PROBLEM TO WORK ON: Of the records that follow, copy only the lines from the line containing "The displayed channels" to the line containing "เมนูเรียบง่าย แต่จริงใจ วันนี้เราสั่ง", both included, exactly as written.

RECORDED INFORMATION:
=== Begin Enclosure ===
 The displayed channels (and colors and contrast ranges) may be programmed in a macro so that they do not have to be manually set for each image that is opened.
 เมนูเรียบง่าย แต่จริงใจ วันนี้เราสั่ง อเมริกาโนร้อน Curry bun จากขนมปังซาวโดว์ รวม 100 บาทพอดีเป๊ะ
=== End Enclosure ===
=== Begin Enclosure ===
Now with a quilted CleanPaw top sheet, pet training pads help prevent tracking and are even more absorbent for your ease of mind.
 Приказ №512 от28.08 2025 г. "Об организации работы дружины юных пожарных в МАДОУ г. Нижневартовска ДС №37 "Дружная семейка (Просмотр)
=== End Enclosure ===
ANSWER TO THIS EXERCISE:
 The displayed channels (and colors and contrast ranges) may be programmed in a macro so that they do not have to be manually set for each image that is opened.
 เมนูเรียบง่าย แต่จริงใจ วันนี้เราสั่ง อเมริกาโนร้อน Curry bun จากขนมปังซาวโดว์ รวม 100 บาทพอดีเป๊ะ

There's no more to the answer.